Cognitive Assessment Validity Studies: What 100 Years of Research Proves
The validity of cognitive ability testing for personnel selection represents one of the most extensively researched topics in applied psychology. Over 100 years and thousands of studies have established that general cognitive ability (GCA) consistently predicts job performance, training success, and career advancement across virtually all occupations.
Understanding Validity: Types and Meaning
- Criterion Validity: Does the assessment predict actual job performance? This is the critical question for employment testing.
- Construct Validity: Does the assessment measure what it claims to measure (i.e., cognitive ability)?
- Content Validity: Does the assessment sample the relevant cognitive domain?

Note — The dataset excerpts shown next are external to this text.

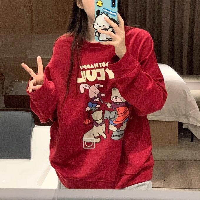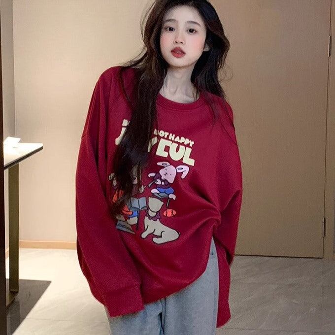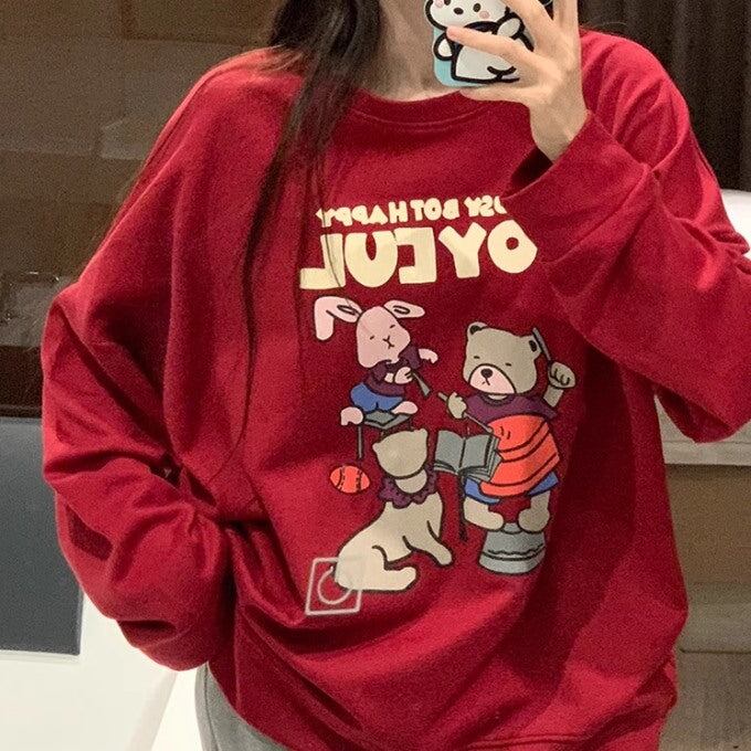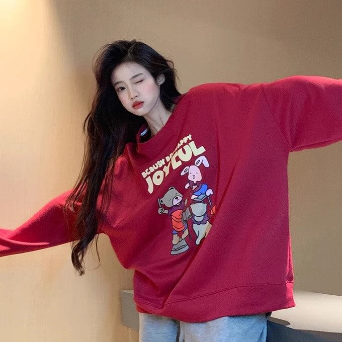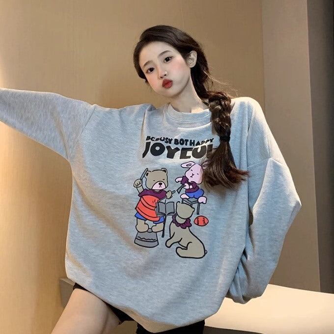 かわいい キャラクター トレーナー レディース 韓国 ビッグシルエット ロゴ プリント スウェット 秋冬トップス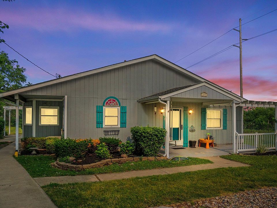 Looking for 8.6 acres in Allen County? Here is 3 Bedroom 2 Bath Ranch home offering 1597 square feet with an open concept on a slab/crawl space. The land includes some woods in the rear of the property. Located in the sought-after Southwest Allen County School District. Room enough to target practice, skeet shoot, trap, ride 4 wheelers, or golf cart. Farm animals are welcome! Two large, covered porches are great for relaxing on. As you walk into Large Kitchen, you will notice ample cabinet storage and countertop space. Nice eat-in 7x7 built-in custom booth/benches. The kitchen opens to the formal dining area and family room. Many windows allow natural light into each room. There is a 36' x 32' detached garage with plenty of room for your toys! Recent Updates Include: Vinyl plank flooring 2020, Storm door 2020, Furnace 2017, Water Heater 2021, Washer and dryer are less than one year old, oven/range one year old, and Roof is just a few months old, with newer windows throughout.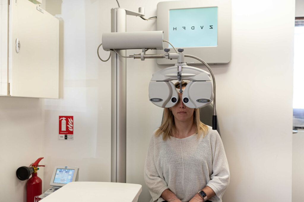 Mesure de la réfraction : Cette étape permet de déterminer si vous souffrez de troubles de la réfraction comme la myopie, l’hypermétropie ou l’astigmatisme. Des instruments spécifiques, comme un réfracteur, sont utilisés pour mesurer la capacité de l’œil à se focaliser correctement.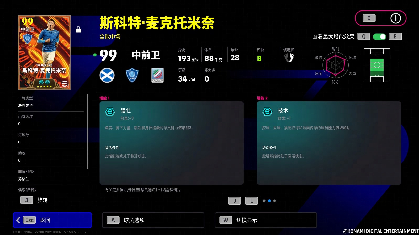 麦克托米奈增能属性为【强壮 +2】,进攻和身体接触的增强让他成为球队的中场屏障!

- Face Validity: Does the assessment appear relevant to candidates? Important for acceptance and motivation.
Landmark Meta-Analyses
| Study | Jobs Analyzed | Key Validity Finding |
|---|---|---|
| Hunter & Hunter (1984) | 425 job categories | GCA validity generalizes across all jobs (r = 0.45-0.58) |
| Schmidt & Hunter (1998) | 515 studies | GCA is the best predictor; validity increases with job complexity |
| Salgado et al. (2003) | 91 studies (Europe) | Validity generalizes across cultures (r = 0.62) |
| Schmidt (2016) | 100+ years of data | Confirmed GCA as top predictor with updated corrections |
Validity by Job Complexity
The predictive validity of cognitive assessments increases with job complexity. For high-complexity jobs (managers, professionals, technical specialists), validity coefficients exceed r = 0.60. Even for lower-complexity jobs, validity remains meaningful at r = 0.35-0.45.
| Job Complexity Level | Example Roles | Validity Coefficient |
|---|---|---|
| High | Engineers, Managers, Analysts | r = 0.58-0.65 |
| Medium | Technicians, Supervisors, Sales | r = 0.51-0.57 |
| Low-Medium | Skilled Trades, Clerks | r = 0.40-0.50 |
| Low | Unskilled Labor | r = 0.35-0.40 |
CognitiveIndex Validation Methodology
CognitiveIndex conducts ongoing criterion validation studies following SIOP Principles for Validation. Our current dataset (N = 12,847) demonstrates validity coefficients of r = 0.58 for technical roles and r = 0.52 overall, consistent with meta-analytic estimates.